27 Oedipus Background The Oracle of Delphi, a prophet, tells King Laios and Queen Jocasta that their future son will kill his father and marry his mother. With the fear of this prophey never far from their minds, the King Laios and Queen Jocasta abandon their son, Oedipus, shortly after his birth. Though he had been left for dead, Oedipus was found and raised by the King and Queen of Corinth

28 Oedipus Background Years later, Oedipus meets a traveller on the road. An argument begins, and Oedipus kills the traveller in his rage. Though he did not know it, the traveller that Oedipus killed was his birth father, the King of Thebes. Shortly he unknowingly kills his father, Oedipus defeats the Sphinx and is rewarded with the Kingdom of Thebes and its queen.

29 Oedipus Background Oedipus marries the Queen of Thebes, Jocasta, not knowing that she is really his mother. Oedipus and Jocasta have four children together, Antigone, Ismene, Eteocles, and Polyneices.

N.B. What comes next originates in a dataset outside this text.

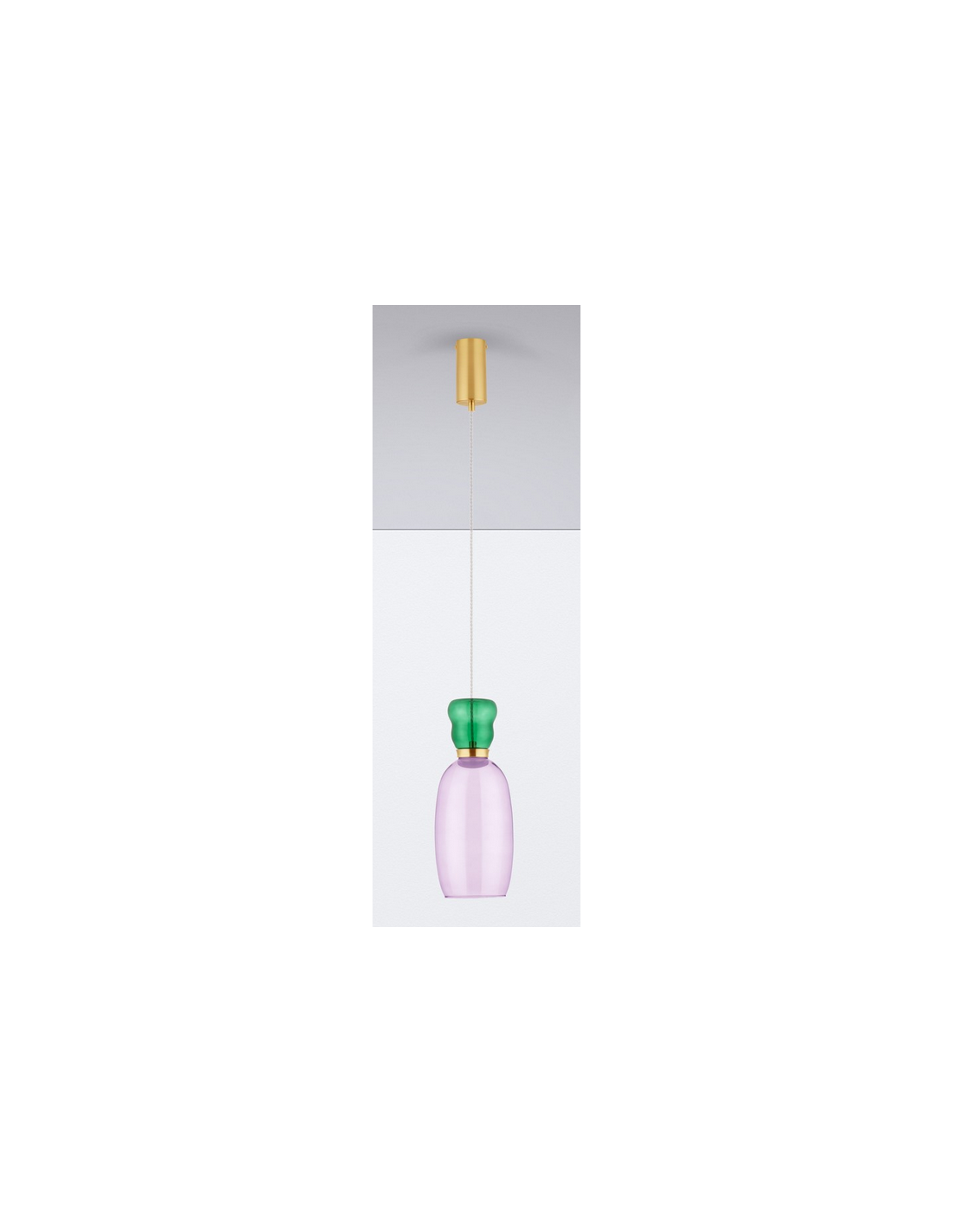 PLUME Loftlampe udført i et retropræget design fremstillet i satineret messinglakeret stål med skærm i lilla og grøn glas. Lampen måler 179 cm i højden og anvender 5W LED lyskilde (Inkl.).

30 Oedipus Background Soon, Oedipus and Jocasta discover the truth about their biological relationship. Upon learning the truth, Jocasta hangs herself. Oedipus, sickened by the news, gouges out his own eyes before permanently exiling himself.

31 Oedipus’ Sons Before his death, Oedipus leaves orders that his two sons share the role of king. One of his sons, Eteocles, refuses to step down. Consequently, Polyneices attacks Thebes with an army. Both brothers die in battle. Creon (Jocasta’s brother) is declared King.